EXERCISE - Once you find the line with "Por sua vez, o" in the data below, transcribe exactly each line from there to the line with "दुःख के घड़ी", inclusive, and nothing else. Drop the pictures.

INFORMATION PROVIDED -
BEGIN

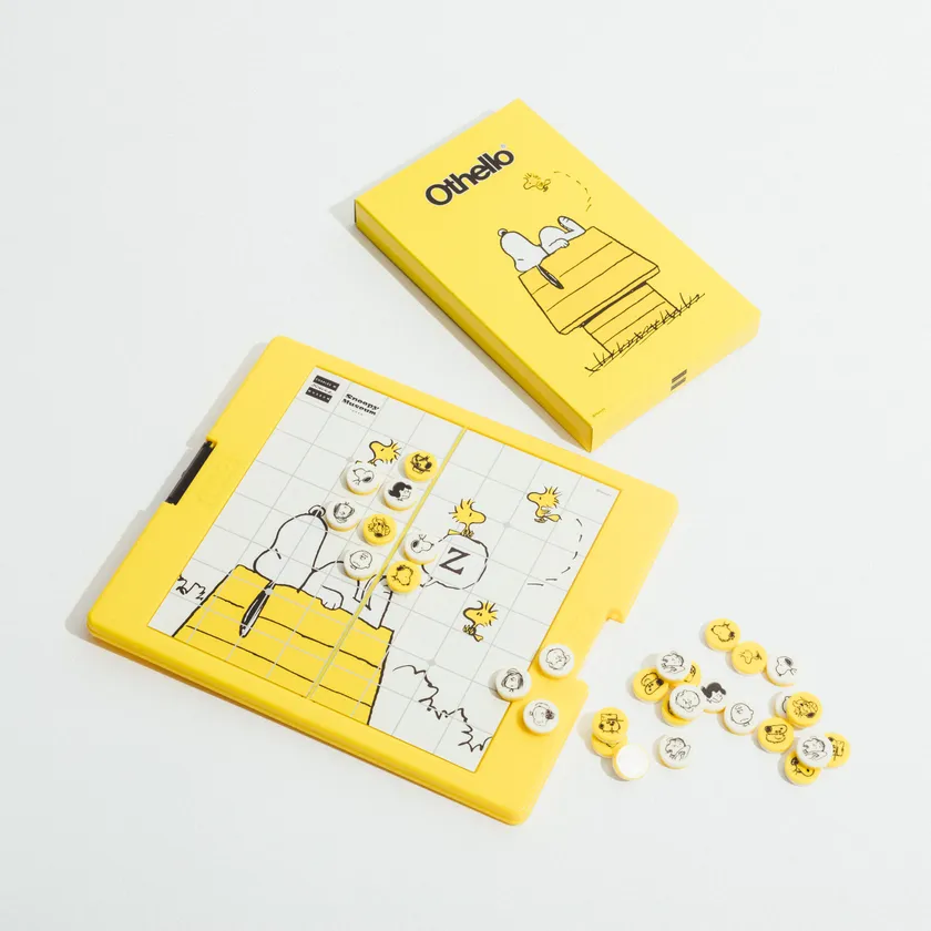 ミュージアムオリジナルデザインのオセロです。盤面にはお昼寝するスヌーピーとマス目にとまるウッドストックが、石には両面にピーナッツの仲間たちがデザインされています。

END
BEGIN

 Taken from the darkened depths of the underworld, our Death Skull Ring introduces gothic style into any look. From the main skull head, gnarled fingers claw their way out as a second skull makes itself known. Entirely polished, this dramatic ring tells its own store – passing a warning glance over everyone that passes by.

END
BEGIN

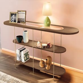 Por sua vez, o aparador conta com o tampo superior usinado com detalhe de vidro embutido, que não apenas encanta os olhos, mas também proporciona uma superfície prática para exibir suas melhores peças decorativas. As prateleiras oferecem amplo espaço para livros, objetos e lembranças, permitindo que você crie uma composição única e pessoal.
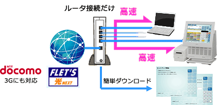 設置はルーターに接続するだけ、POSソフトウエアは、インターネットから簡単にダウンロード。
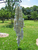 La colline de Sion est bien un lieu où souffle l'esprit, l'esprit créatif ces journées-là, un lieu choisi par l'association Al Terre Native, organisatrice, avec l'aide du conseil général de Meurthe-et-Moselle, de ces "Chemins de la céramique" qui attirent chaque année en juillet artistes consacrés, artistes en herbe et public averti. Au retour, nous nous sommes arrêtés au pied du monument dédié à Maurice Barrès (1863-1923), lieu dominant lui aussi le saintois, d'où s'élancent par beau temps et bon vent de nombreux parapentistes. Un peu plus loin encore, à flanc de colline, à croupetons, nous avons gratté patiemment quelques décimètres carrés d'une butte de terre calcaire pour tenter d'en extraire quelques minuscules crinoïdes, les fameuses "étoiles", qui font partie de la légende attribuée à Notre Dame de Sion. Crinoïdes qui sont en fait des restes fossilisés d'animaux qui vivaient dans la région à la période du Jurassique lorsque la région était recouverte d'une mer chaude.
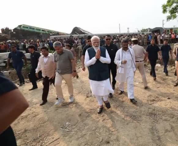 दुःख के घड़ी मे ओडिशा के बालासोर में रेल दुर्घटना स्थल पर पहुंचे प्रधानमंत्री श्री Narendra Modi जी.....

END

YOUR RESPONSE -
 Por sua vez, o aparador conta com o tampo superior usinado com detalhe de vidro embutido, que não apenas encanta os olhos, mas também proporciona uma superfície prática para exibir suas melhores peças decorativas. As prateleiras oferecem amplo espaço para livros, objetos e lembranças, permitindo que você crie uma composição única e pessoal.
 設置はルーターに接続するだけ、POSソフトウエアは、インターネットから簡単にダウンロード。
 La colline de Sion est bien un lieu où souffle l'esprit, l'esprit créatif ces journées-là, un lieu choisi par l'association Al Terre Native, organisatrice, avec l'aide du conseil général de Meurthe-et-Moselle, de ces "Chemins de la céramique" qui attirent chaque année en juillet artistes consacrés, artistes en herbe et public averti. Au retour, nous nous sommes arrêtés au pied du monument dédié à Maurice Barrès (1863-1923), lieu dominant lui aussi le saintois, d'où s'élancent par beau temps et bon vent de nombreux parapentistes. Un peu plus loin encore, à flanc de colline, à croupetons, nous avons gratté patiemment quelques décimètres carrés d'une butte de terre calcaire pour tenter d'en extraire quelques minuscules crinoïdes, les fameuses "étoiles", qui font partie de la légende attribuée à Notre Dame de Sion. Crinoïdes qui sont en fait des restes fossilisés d'animaux qui vivaient dans la région à la période du Jurassique lorsque la région était recouverte d'une mer chaude.
 दुःख के घड़ी मे ओडिशा के बालासोर में रेल दुर्घटना स्थल पर पहुंचे प्रधानमंत्री श्री Narendra Modi जी.....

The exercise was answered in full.